Nesse mês de agosto, a Agência Nacional de Águas e Saneamento Básico (“ANA”) iniciou a Consulta Pública nº 003/2026, com o objetivo de colher contribuições para aprimoramento do processo de elaboração da nova norma de referência que tratará sobre a revisão tarifária periódica, a revisão ordinária e a revisão extraordinária nos contratos de abastecimento de água e esgotamento sanitário. O procedimento de participação social durará até o próximo dia 17/09/2026. No presente artigo, serão avaliados os principais aspectos relativos ao procedimento geral de revisão extraordinária contratual.  


Importante ressalvar que o presente artigo não aborda as disposições da minuta de norma acerca de alterações tributárias extraordinárias, as quais serão tratadas em artigo a ser apresentado na próxima edição da Newsletter do setor de saneamento básico. 

 

Definição e aplicabilidade 

A revisão extraordinária, nos termos definidos pela minuta de norma, “compreende o processo de recomposição do equilíbrio do contrato em face da materialização de riscos conforme previsto na matriz de riscos do contrato ou outras cláusulas contratuais” (art. 3º, inc. XLII).  
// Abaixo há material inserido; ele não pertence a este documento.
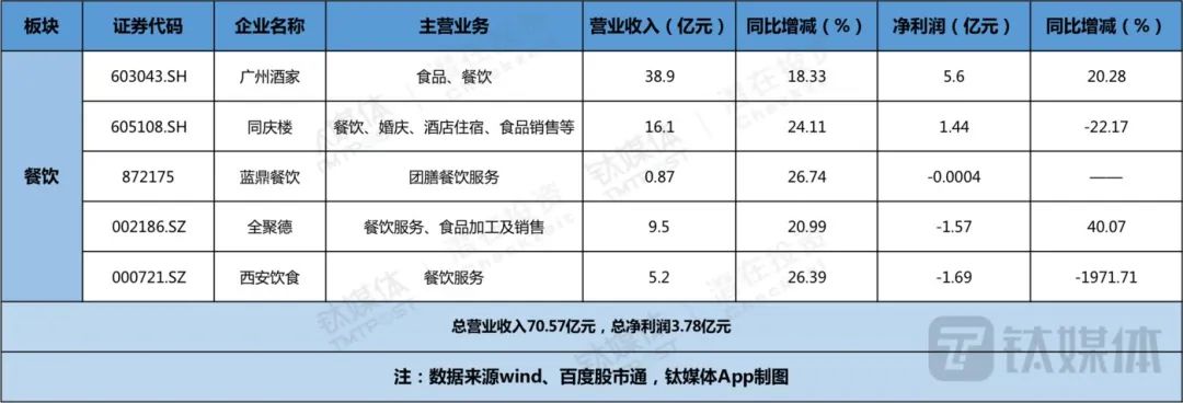 餐飲行業的上市公司並不多,鈦媒體App選取了與文旅地密切相關的5家企業進行統計,顯示僅有2家企業實現盈利。

Ou seja, trata-se de processo que visa à preservação do equilíbrio econômico-financeiro contratual, tendo a minuta de norma reforçado a necessidade de obediência à matriz de riscos contratual, bem como às demais cláusulas do contrato que detalham a aplicação dessa modalidade de revisão.  


A nova disciplina normativa sobre a revisão extraordinária, cabe enfatizar, será aplicável tanto nos modelos de regulação contratual, quanto discricionária, podendo ser também aplicável à prestação direta, no que couber (art. 70, caput).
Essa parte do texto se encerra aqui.